Nothing is so fatiguing as the eternal hanging on of an uncompleted task. ~William James

Thursday, February 10, 2011

When the Bloom is Off the Self-Improvement Rose


I think I may be suffering from change fatigue. 

I have seen numerous mentions of some critical period after which it supposedly becomes easier to maintain a new behavior--when change is consolidated--(ranging from 90 days to one year).  I wonder if the length of time might be partly a function of how much change is being attempted. 

During the last year, I have intentionally changed what feels like a plethora of things about the way I operate in the world.  I have established a practice of blogging five days a week; initiated and continued physical training that prepared me to compete in 5Ks and a sprint triathlon; begun attending yoga classes regularly; returned to a regular practice of writing Morning Pages; kept a gratitude journal; established and generally adhered to a schedule for writing a novel, making significant progress; become more intentional about spending recreational time with my husband; made regular meditation a routine; and begun to be more strategic about my social justice work.  In short, a fairly wholesale reform.

But very few of these activities and behaviors feel well established.  I still have to work against the temptation to backslide, but I'm no longer getting the hit off the whole project that I did in the beginning.  It's starting to feel like slogging.
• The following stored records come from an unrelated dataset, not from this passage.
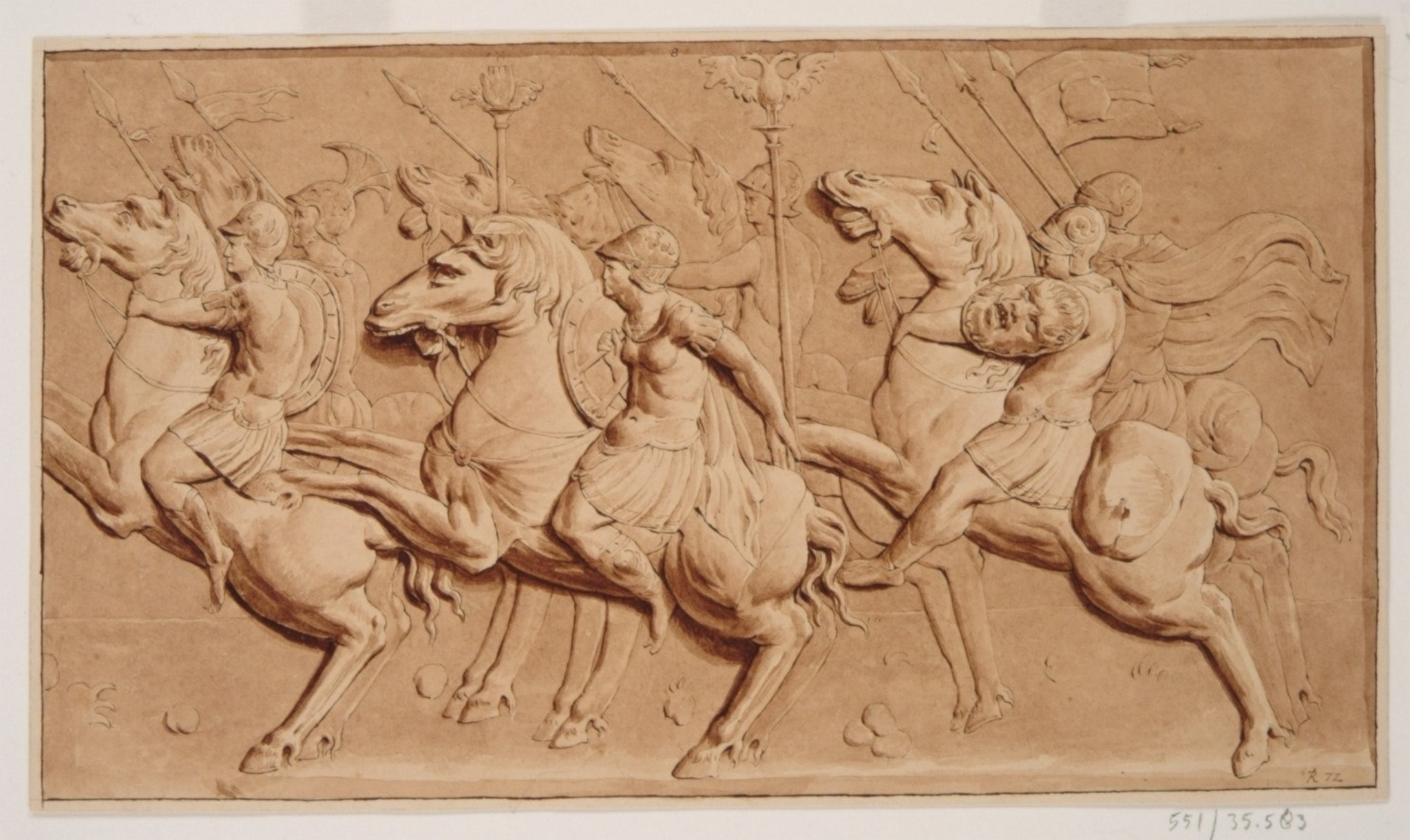 Grote Kerk - de Koorbanken, Noord- of Evangeliezijde: 16,5 paneel in de achterwand van de banken met een voorstelling van een Romeinse zegetocht. Paneel 9: een zestal met lansen en schilden gewapende Romeinen te paard
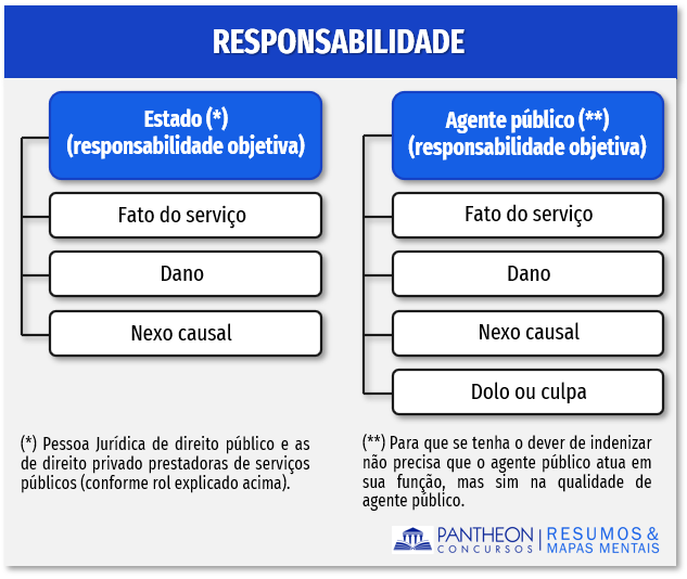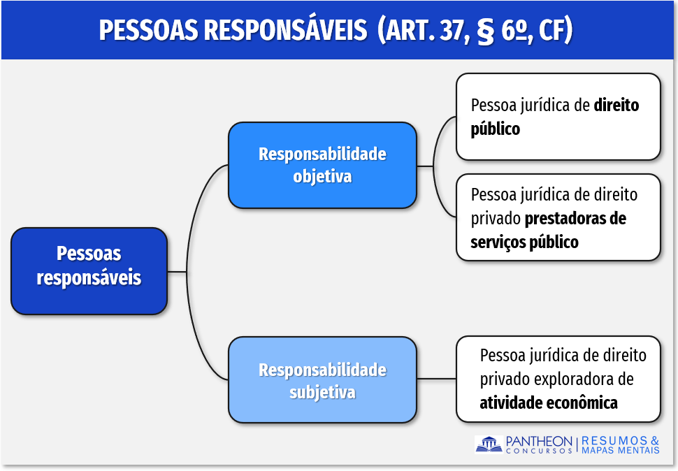 Quanto as pessoas responsáveis temos, expressamente: (i) pessoas jurídicas de direito público: União, Estados, Distrito Federal e Municípios e as autarquias e as fundações públicas; (ii) e as de direito privado prestadoras de serviços público: empresas públicas, sociedade de economia mista e fundações públicas com personalidade de direito privado quando prestarem serviço públicos e os concessionários e os permissionários de serviços públicos. Em qualquer caso, caberá ação regressiva.
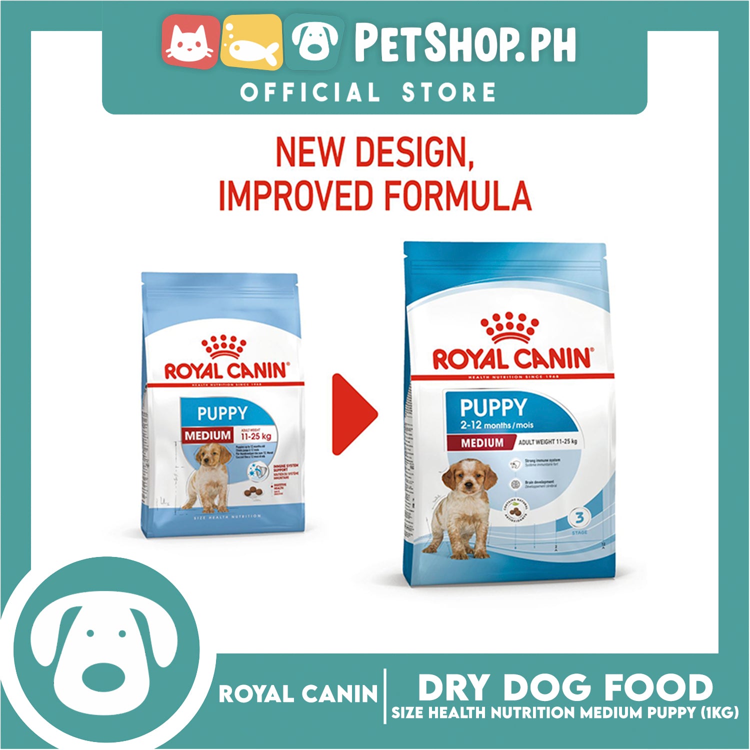- ROYAL CANIN® Medium Puppy dry food is specially formulated to support the nutritional needs of medium-sized puppies. This formula is suitable for 2 to 12-month-old puppies that should reach an adult weight of 11kg to 25kg.
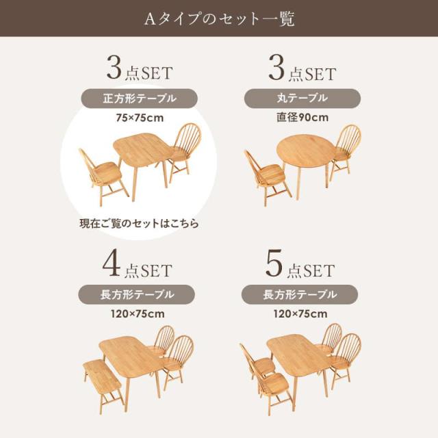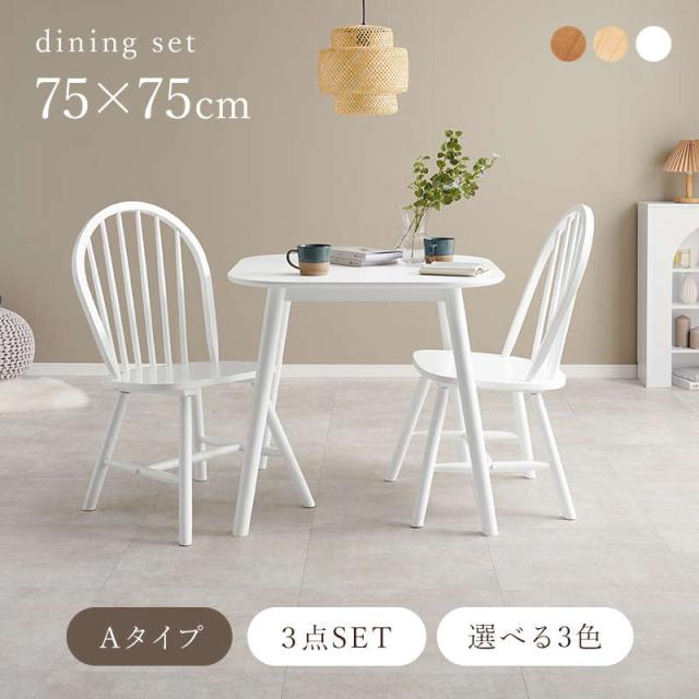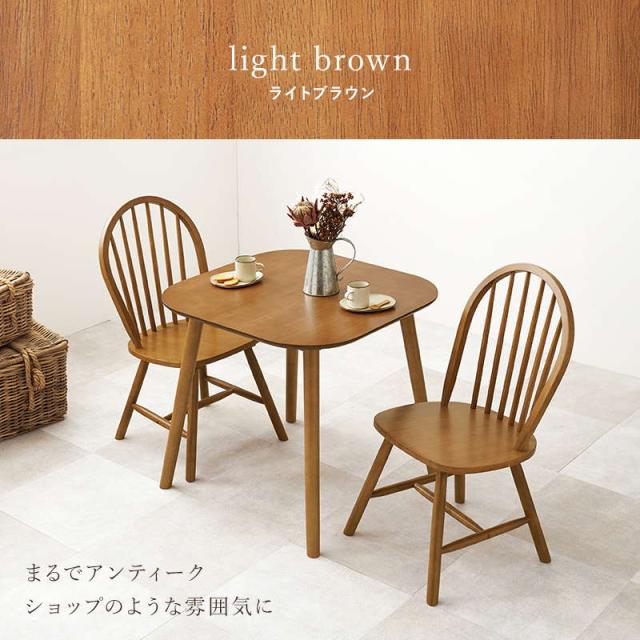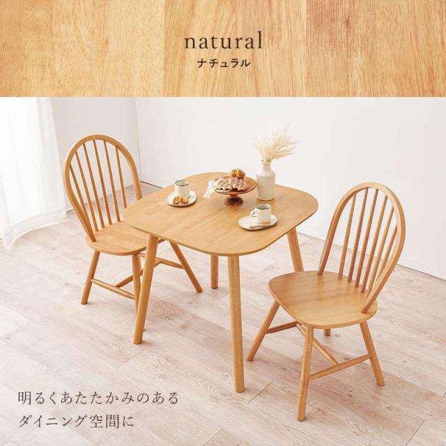 ダイニングテーブルセット ウィンザーチェア2脚 3点セット 1人〜2人用 木製 天然木 天板75x75cm チェア形状 ボウバックタイプ
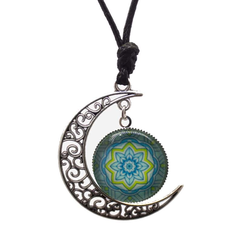 Colar regulável de lua e mandala fotoluminescente
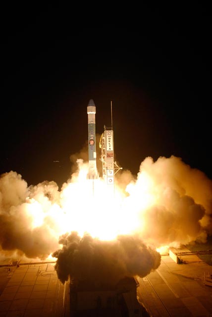 KENNEDY SPACE CENTER, FLA. - NASA's Phoenix Mars lander illuminates Launch Pad 17A as it lifts off aboard a Delta II 7925 rocket at 5:26 a.m. EDT from Cape Canaveral Air Force Station. Phoenix will land in icy soils near the north polar, permanent ice cap of Mars and explore the history of the water in these soils and any associated rocks, while monitoring polar climate. Landing on Mars is planned in May 2008 on arctic ground where a mission currently in orbit, Mars Odyssey, has detected high concentrations of ice just beneath the top layer of soil. Photo credit: NASA/Tony Gray and Robert Murray |
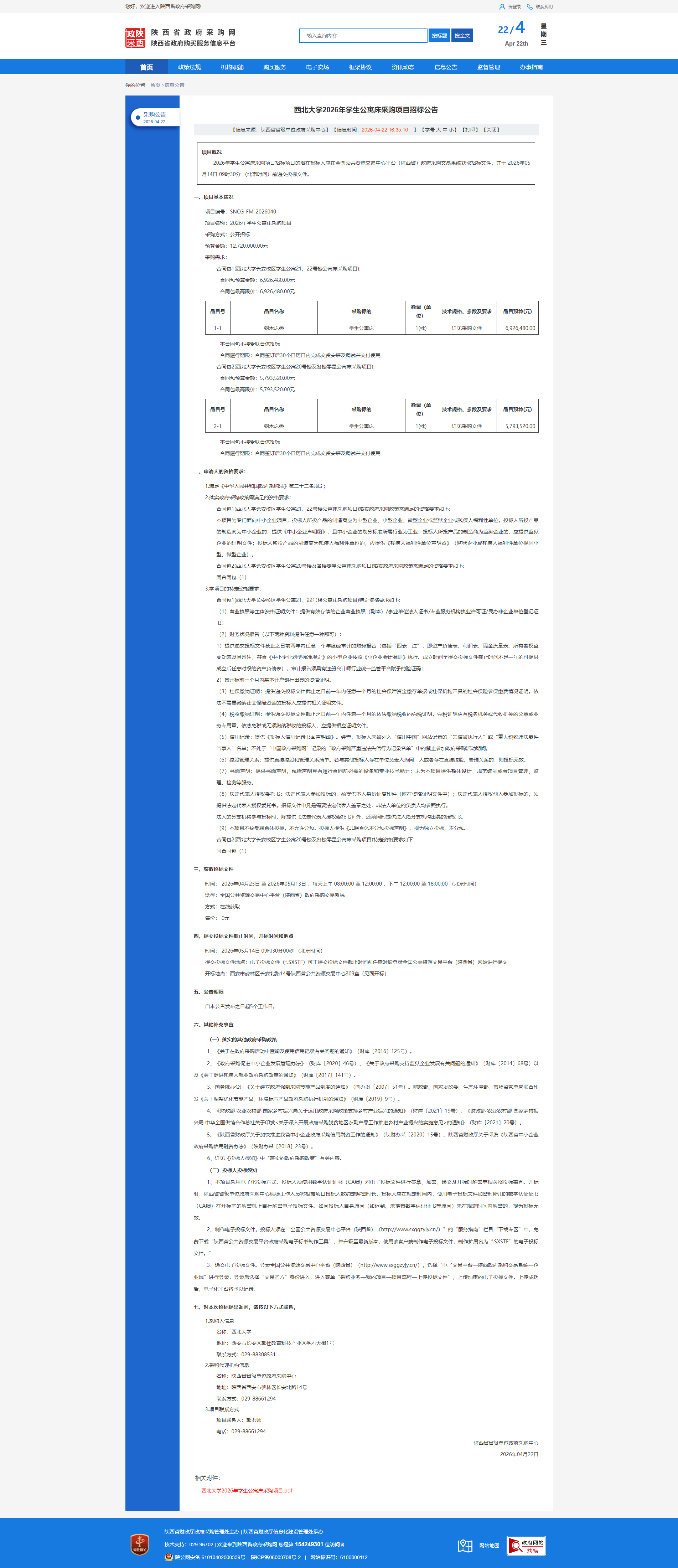 西北大学2026年学生公寓床采购项目招标公告
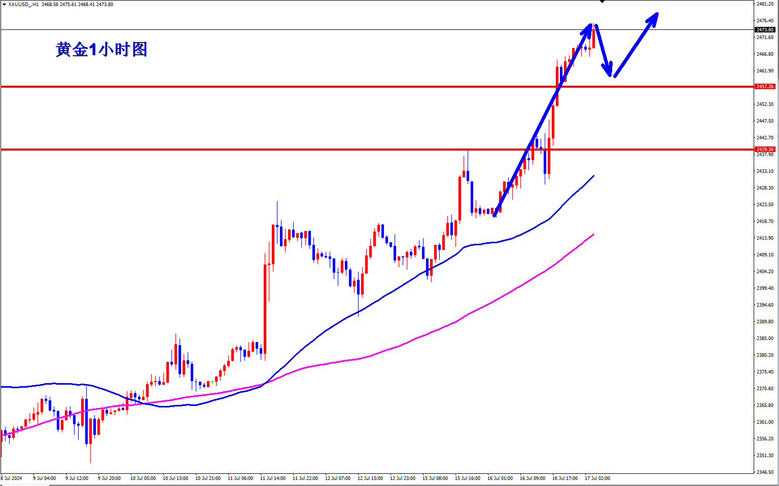 黄金1小时均线不断向上发散金叉多头排列,黄金还将继续上涨,黄金昨天美盘突破历史新高之后,黄金直接加速上涨,然后美盘一直稳定在2457上方,今天2457上方逢低继续干多,多头强势势不可挡,黄金多头还要继续疯狂。
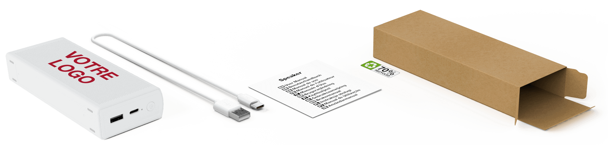 Avec une qualité de son stéréo impressionnante, cette enceinte Bluetooth® ; est bien plus qu'un simple matériel de marketing ! Offrant jusqu'à 10 heures de lecture de haute qualité, un microphone intégré et une fonction de banque d'énergie, c'est aussi un appareil audio de qualité et entièrement fonctionnel que vos clients et consommateurs vont adorer.
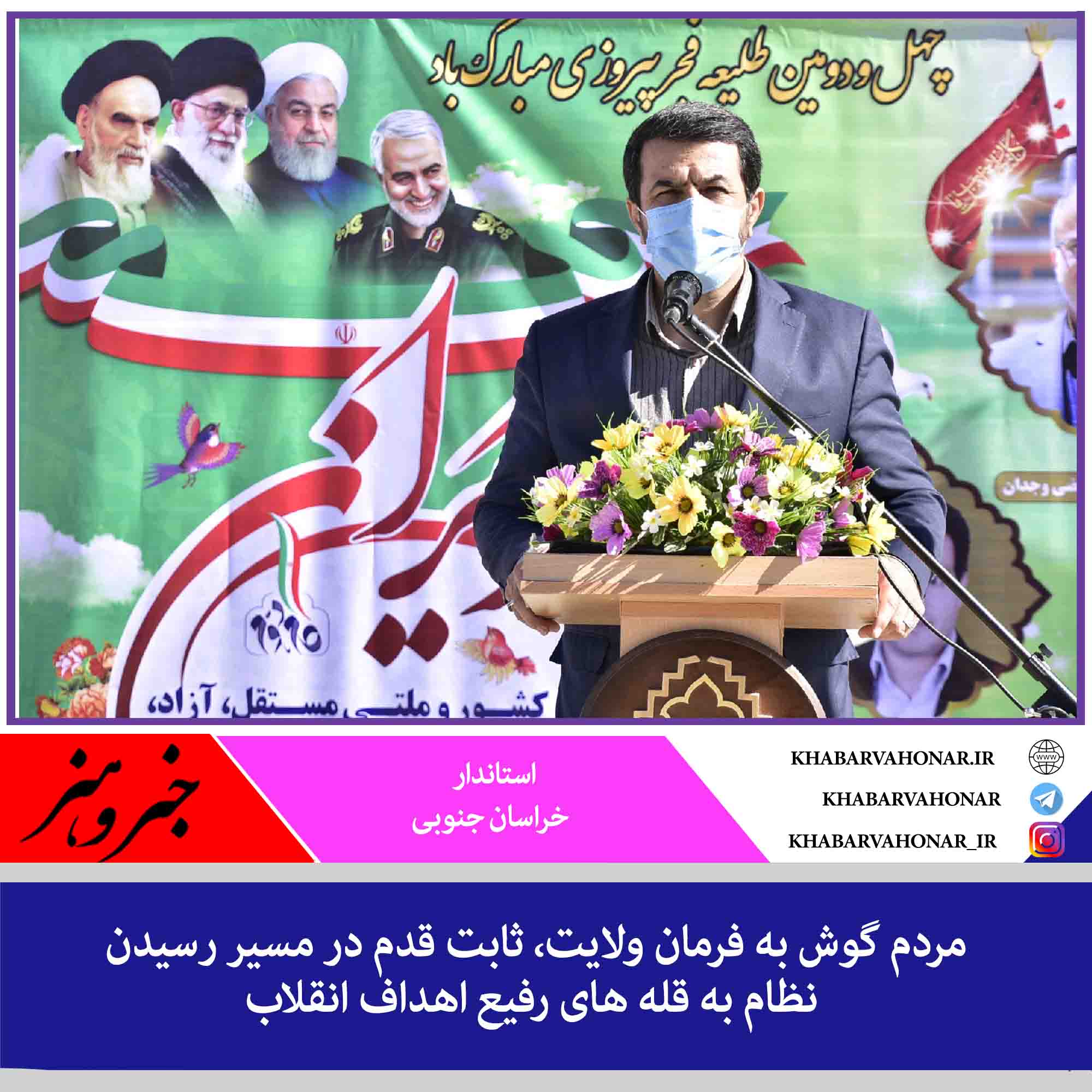 ?استاندار خراسان جنوبی گفت: مردم با هر گرایش سیاسی، گوش به فرمان ولایت و رهبری، ثابت قدم در جهت رسیدن انقلاب اسلامی به قله های رفیع اهداف انقلاب در حرکت هستند.
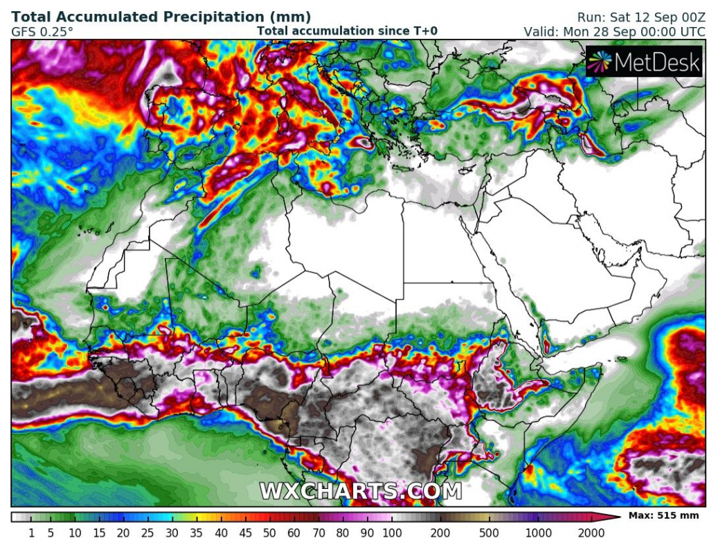 Photo and video gallery of floods in Sudan and predicted precipitation amounts until 27. September 2020 /watchers.news; bbc.com; wxcharts.com/:
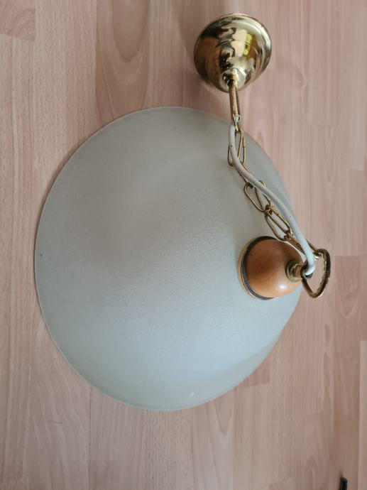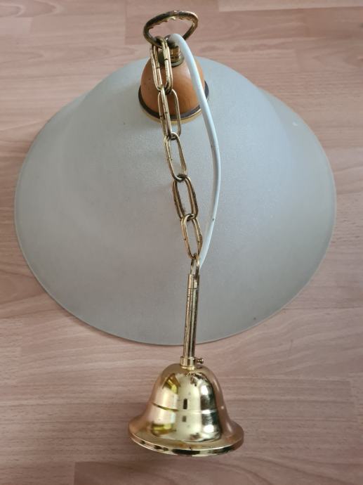Prodam steklen lestenec premera 37cm. Višina steklenega zvona je 12cm, višina z lesenim delom je 20cm, skupna višina pa je 47 cm. To višino je možno z dodajanjem ali odvzemanjem členov verige spreminjati. Lestenec ima žarnično grlo za običajne E27 sijalke.
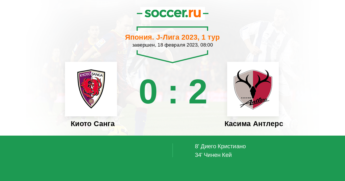 Япония. J-Лига 1 18.06.2022 Касима Антлерс Логотип футбольный клуб Касима Антлерс 1:0 Логотип футбольный клуб Киото Санга Киото Санга
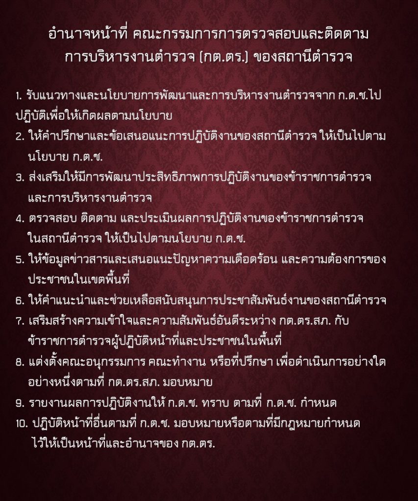 อำนาจหน้าที่ คณะกรรมการการตรวจสอบติดตามการบริหารงานตำรวจ
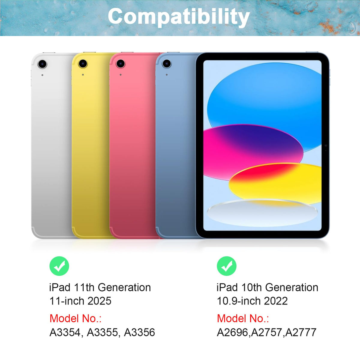 Lama Keyboard Case With Mouse For Ipad 10Th Generation 10.9 Inch 2022 And 11Th Generation 11 Inch 2025 This Keyboard Case With Mouse Compatible With: 10.9 Inch:Ipad 10Th Generation 10.9 2022 (Model: A2696/A2757/A2777) 11 Inch Ipad 11Th (A16) Generation 2025(Model: A3354/A3355/A3356) Advantage Of Keyboard Case With Mouse: 1. Utral Slim Magnetic Detachable Wireless Keyboard Design Is Convenient For Carrying And Using. 2. With The Automatically Wake Up And Sleep Function, The Keyboard Case Can Work With Other Ios, Android, And Windows Devices. 3. The Special Function Keys, Like Sleep/Lock/Slide Show/Home/Volume, Provide You With A Good Typing Experience. 4. With An Adjustable Stand, You Can Find The Angle In Landscape Mode Just Right For You. How To Connect Keyboard To Ipad Tablet? 1. Power On Keyboard And Open Bluetooth In Tablet Settings, Long Press The Connect Button (Indicator Will Keep Twinkle)On The Keyboard 2. Search For Bluetooth Keyboard On Tablet S Bluetooth Interface,Then Click Connect . 3. Mouse: Switch Mouse To Bluetooth Symbol,And Seacrch The Bt5.2 Mouse On Tablet, Finished Connected. 4. This Mouse Also Can Used With Computer Or Laptop, Switch The Power Button To 2.4G And Plug The Usb Receiver In Deivice. [Note: Please Check The Ipad Back Model Before Purchasing.] Packing List: 1 * Case For Ipad 11Th 2025/10Th 2022 Gen (Ipad Not Included) 1 * Keyboard 1 *Mouse 1 * Usb Charging Cable (Only For The Keyboard, Not For Ipad) 1 * User Manual

I'm missing the novelty, that little kick that makes change, among the most dreaded of human experiences, also fun.  What do we do when the excitement and energy that accompany behavior change in the initial phase wears off, before the change has been incorporated?   When the new behavior, still needing effort and energy to learn, loses its shinyness and becomes more drudgery than diverting?

How do we navigate this stage of change?

Surely some wise person has written about this, some social or neuro scientist has studied it.

And there's my little buzz for today--a new area to delve into, a new niche expertise to acquire.   I research, therefore I am.  Time to fire up my library card, activate my search engines.  More later, when I'm (superficially) smarter. . . .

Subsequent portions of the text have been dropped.